Would your enjoyment of Caruso be increased if he sang in English the ridiculous stuff he sings in Italian?
Fortunate it is for most grand opera that we do not understand—we are not diverted from the music by the nonsense of the libretto.
The enjoyment of music is a curious thing.
First of all, there are all kinds of music, from rag-time to Beethoven, and each kind has its following.
Then the following of each kind breaks up into its rag-time and Beethoven divisions.
That is to say, in an audience listening to rag-time there are always a few who enjoy the music in a Beethoven way—for what there is of real value in it.
While in an audience listening to a Beethoven symphony there are always a goodly number, often a big majority, who enjoy it in a rag-time way—just the emotional reaction, without knowing a thing about the music.

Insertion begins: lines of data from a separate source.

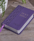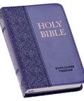 The unique pocket-size feature of the Purple Faux Leather King James Version Mini Pocket Bible makes it easy to slip into a purse or keep in the car. The Purple Faux Leather King James Version Mini Pocket Bible is a great gift for a mother or friend who prefers to read from an actual Bible while on the go, and the color makes it the perfect Easter gift.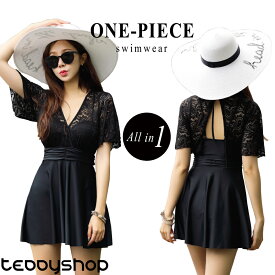 ワンピース水着 体型カバー水着 レディース ミセス ママ水着 20代 30代 40代 50代 オールインワン 可愛い ぽっちゃり レース セクシー カバーアップ バックシャン 大きいサイズ 3L 13号 4L 15号 黒 お腹 お尻 太ももカバー出来る ショートパンツ一体型 露出控えめ 即日発送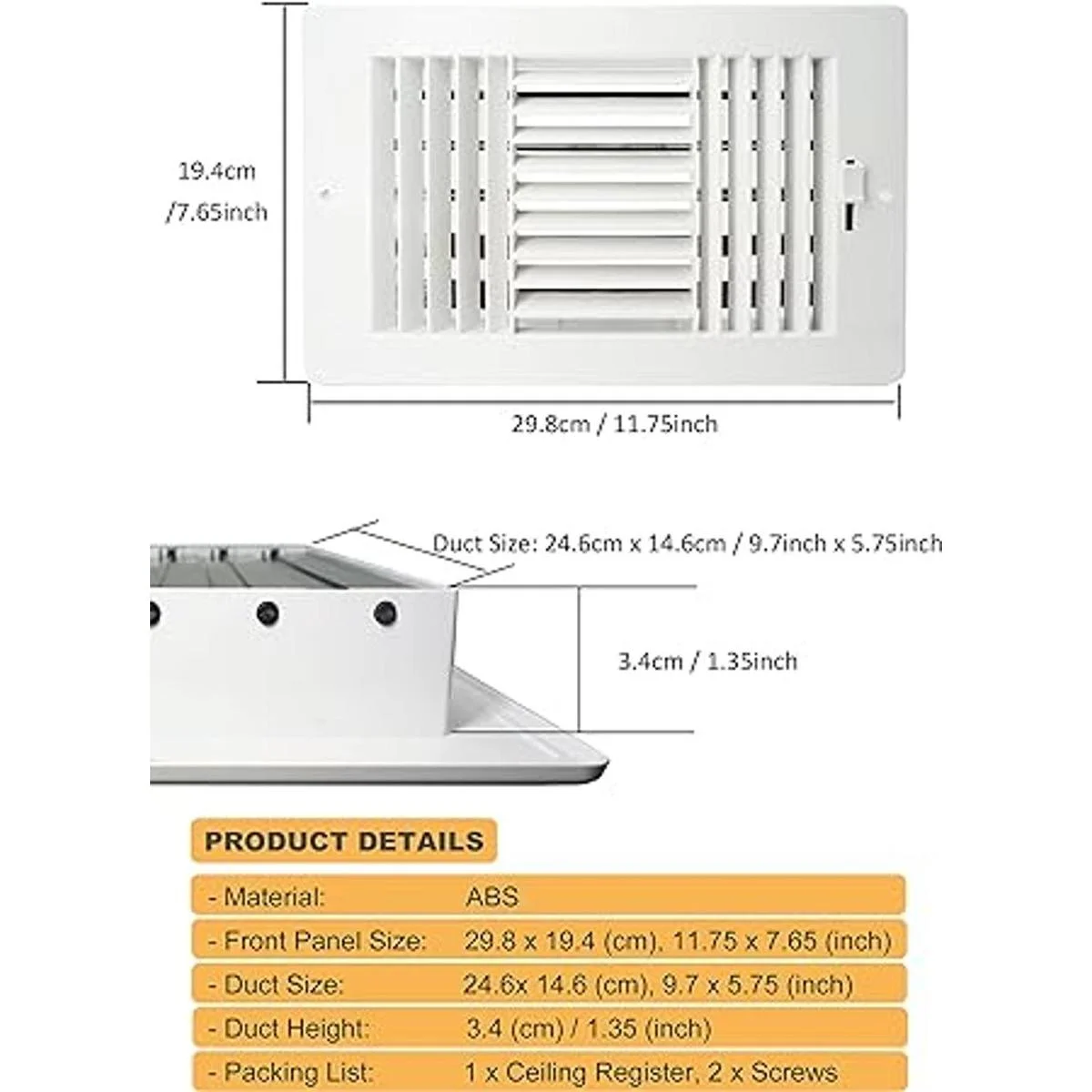 Tamaño del producto: comprueba el tamaño de tu conducto cuadrado antes de comprar. Asegúrate de que tus dimensiones coincidan con nuestras dimensiones del conducto trasero. Tamaño del panel: 11.811 in x 7.874 in. Tamaño del conducto trasero: 9.843 in x 5.906 in. Altura del conducto: 1.299 in. Embalado con dos tornillos por favor, comprueba antes de la instalación.
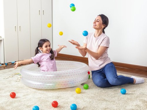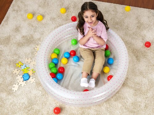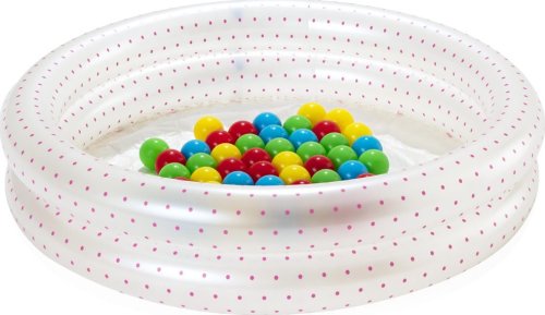 Nafukovací dětský bazén s motivem ve tvaru kruhu ve kterém jsou hrací míčky je ideálním řešením pro pohodlné a bezpečné koupání. Obvod tvoří dvě nafukovací komory. Bazén má bezpečnostní ventily a je vyroben z předem testovaného vinylu.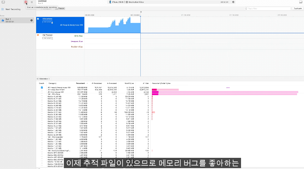 메모리 누수로 의심되는 동작시 allocation에서 점진적으로 증가하는 걸 볼 수 있다

There are two entirely distinct enjoyments of the same composition—the purely intellectual and the purely emotional. There may be a mingling of the two, but as a rule what one gains the other loses.
The man who follows the score, is familiar with the different interpretations of this and that leader, whose ear catches every failure by any part of the orchestra to respond, and so on, and so on—that man is constantly holding his emotional response subject to his intellectual appreciation. What is a fine performance to most of the audience may be a very indifferent performance to him.
True, when the performance is so fine it carries him off his feet, then he gets an enjoyment—intellectual and emotional—far finer than the enjoyment experienced by others. In a sense, he is the one man worth playing for.